The spread of drug resistance amongst clinically-important bacteria is a serious, and growing, problem [1]. However, the analysis of entire genomes requires considerable computational effort, usually including the assembly of the genome and subsequent identification of genes known to be important in pathology. An alternative approach is to use computational algorithms to identify genomic differences between pathogenic and non-pathogenic bacteria, even without knowing the biological meaning of those differences. To overcome this problem, a range of techniques for dimensionality reduction have been developed. One such approach is known as latent-variable models [2]. In latent-variable models dimensionality reduction is achieved by representing a high-dimensional data by a few hidden or latent variables, which are not directly observed but inferred from the observed variables present in the model. Probabilistic Latent Semantic Indexing (PLSA) is an extention of LSA [3]. PLSA is based on a mixture decomposition derived from a latent class model. The main objective of the algorithm, as in LSA, is to represent high-dimensional co-occurrence information in a lower-dimensional way in order to discover the hidden semantic structure of the data using a probabilistic framework.

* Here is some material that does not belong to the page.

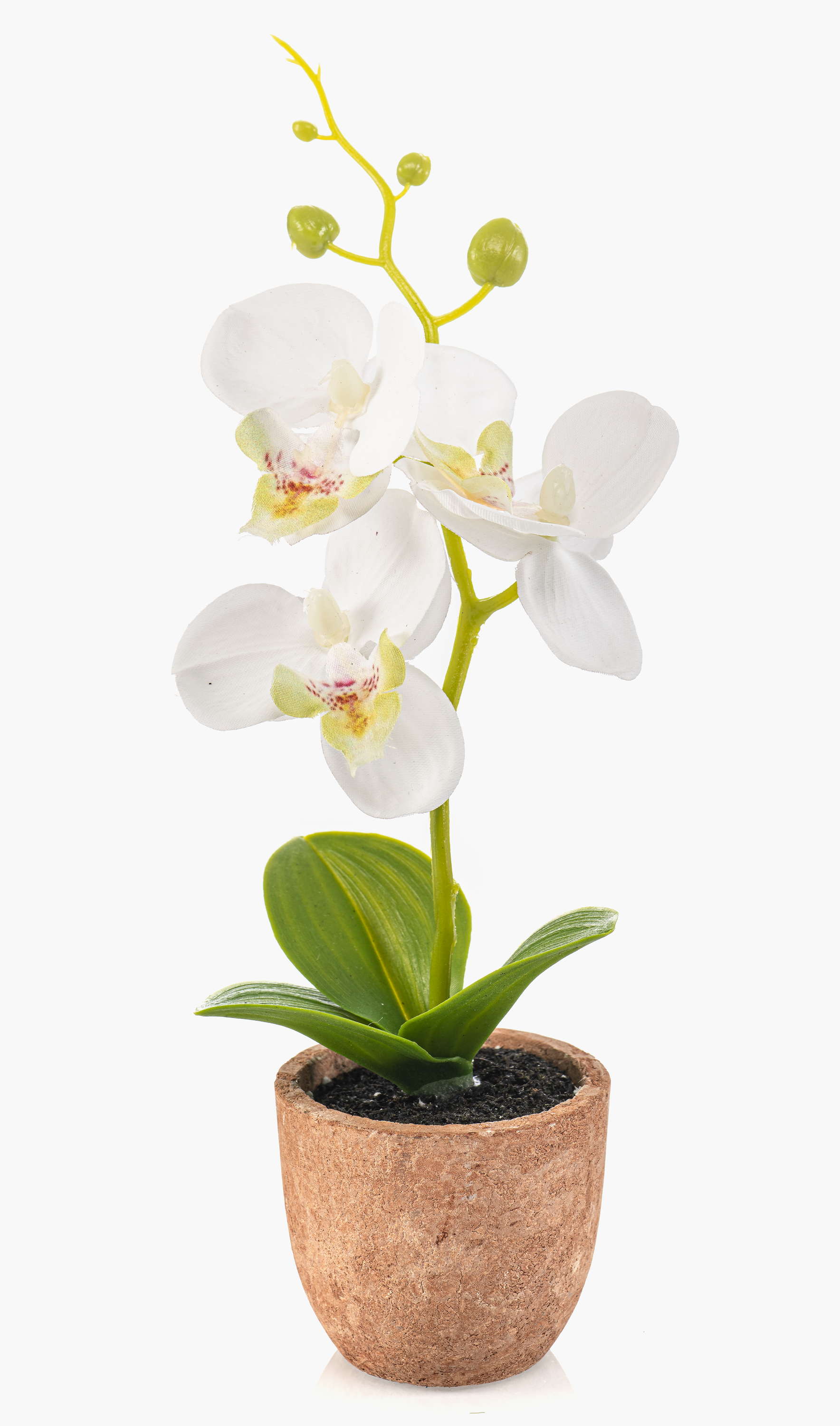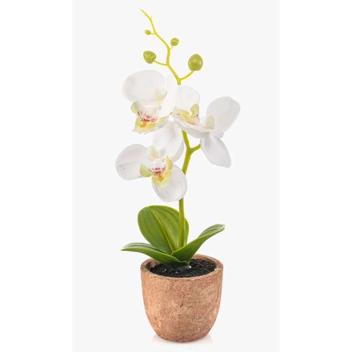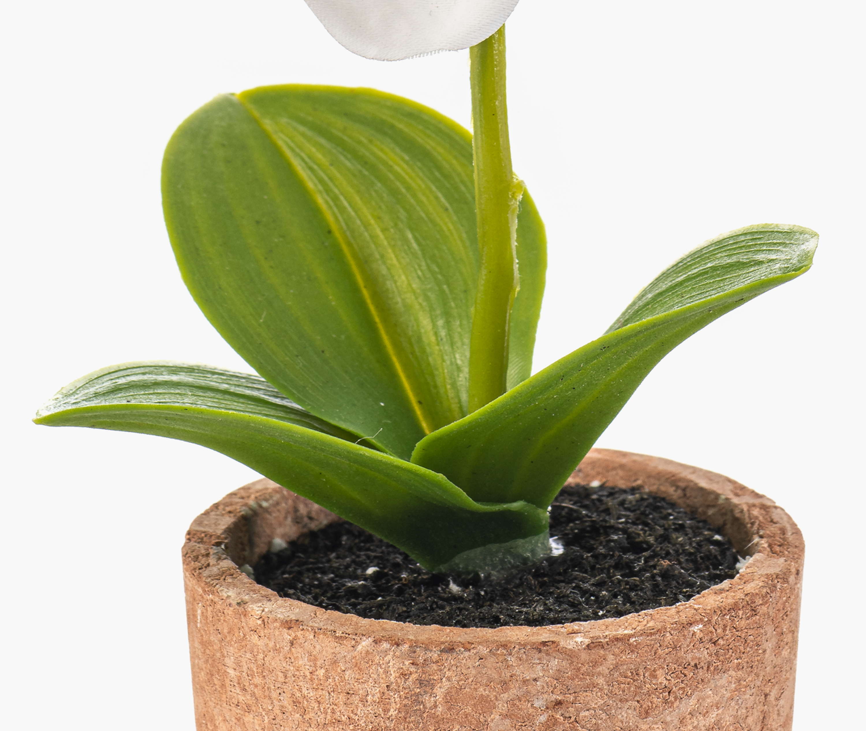 Plastic Phalaenopsis orchid LEONISA in terracotta pot, white, 8"/20cm

In this work we applied the PLSA approach to analyse the common genomic features in methicillin resistant Staphylococcus aureus, using tokens derived from amino acid sequences rather than DNA. We characterised genome-scale amino acid sequences in terms of their components, and then investigated the relationships between genomes and tokens and the phenotypes they generated. As a control we used the non-pathogenic model Gram-positive bacterium Bacillus subtilis.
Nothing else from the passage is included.